The only limitation imposed by these criteria was that the patient cohort receiving T-VEC treatment was restricted.
Some patients did not complete the full course of T-VEC treatment due to physician recommendation or at their own request; were these reasons investigated and what may the implications of these be on the outcomes of your study?
There are a few reasons for this; some patients who were withdrawn from T-VEC treatment were done so because they did not tolerate T-VEC very well. However, this was very rare in the study; T-VEC was overwhelmingly well tolerated in patients. Further, some patients might not have required continued T-VEC treatment; they may have experienced a complete response and no longer presented with lesions to inject. Other patients might have failed T-VEC treatment and were therefore changed to a different metastatic melanoma treatment.

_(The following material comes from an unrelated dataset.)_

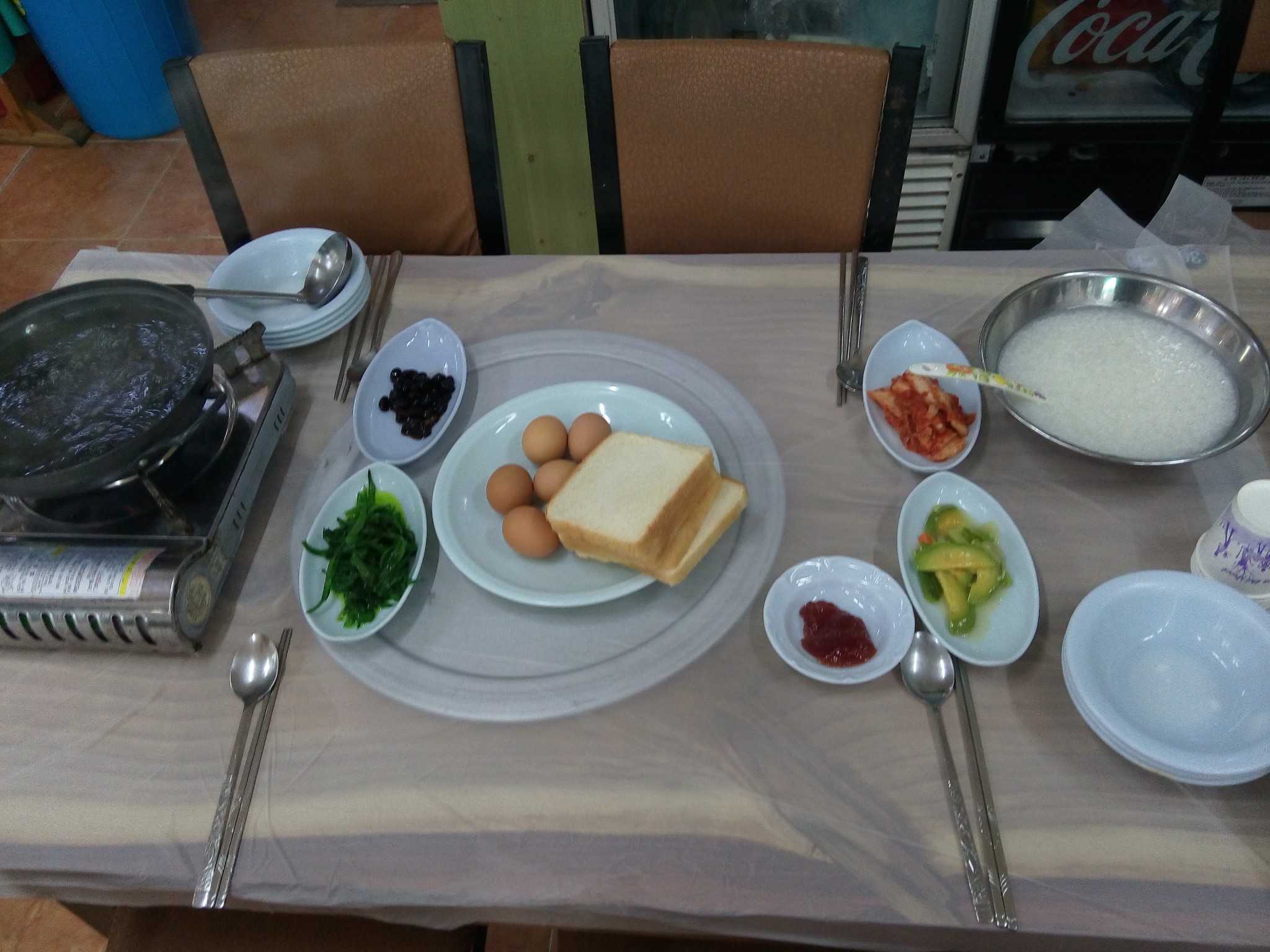 第一餐比较简单,在一家大排档,4人一桌,烧着海带汤,然后就是鸡蛋面包配各种小菜。当然,辣白菜是一路陪伴下来,虽然金导说每家的辣白菜因为都是自家做味道都不一样,但是我还是快吃吐了……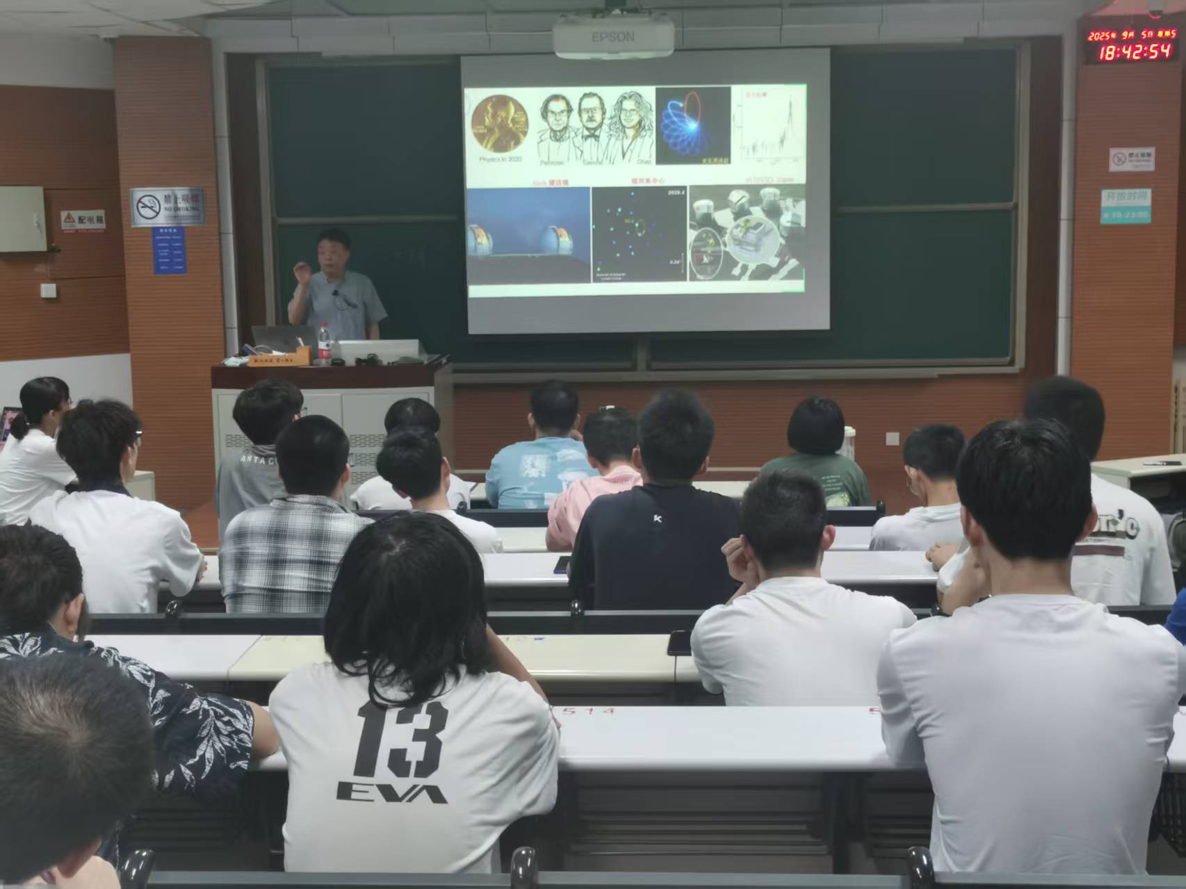 报告极大地激发了同学们对黑洞研究的兴趣。在提问环节,大家踊跃发言,提出了多个富有深度的问题,例如:“如何测量不同尺度黑洞的质量?”“太阳系内行星为何有些是固态、有些是气态?”“既然黑洞已被观测证实,白洞或虫洞是否可能存在?”以及“宇宙大爆炸之前的状态如何?”等。王建民研究员对这些问题一一作出细致解答,并鼓励同学们扎实掌握基础物理知识,为将来探索宇宙、投身科研奠定坚实基础。

These reasons for patient withdrawal from T-VEC treatment have no implications on the outcomes of the study; our study conclusions are valid based on the data, taking into account all reasons for discontinuation.
What may the implications of the study be on the use of RWE in decision making and clinical trial design?
There are limited implications of this study on future clinical trial design. However, due to our employment of RWE and our assessment of patients outside of a controlled clinical trial setting, this retrospective study may allow readers to understand the prospects of their patients who are to be treated with T-VEC in the future. This could allow clinicians to prognosticate and counsel their patients as to what to expect from the treatment, such as responses and side effects.
“…due to our employment of RWE…this retrospective study may allow readers to understand the prospects of their patients who are to be treated with T-VEC in the future.”
Are you aware of any other RWE-based studies in the field of melanoma treatment research?
There are many retrospective reviews and outcomes research investigations that describe treatment algorithms and results in the field of melanoma treatment.
Of particular interest, there is another multi institutional study, currently underway, assessing the outcomes resulting from T-VEC use in combination with immunotherapy.
Do you have future RWE studies planned for T-VEC?
We are currently planning a follow up study to this COSMUS-I study; this ‘COSMUS II’ study hopes to describe greater uses of T-VEC in a number of more diverse patient populations. For example, the ‘COSMUS II’ trial will incorporate the results of patients who are receiving concurrent therapies for their melanoma treatment whilst receiving T-VEC (off protocol).
Our ‘COSMOS II’ study will hopefully be submitted by the end of this year.
Financial and competing interests disclosures:
Matthew Perez: Research funding for this project from Amgen (CA, USA)
Jonathan Zager: Research funding for this project from Amgen. Consultant fees from Amgen. Speakers bureau Amgen.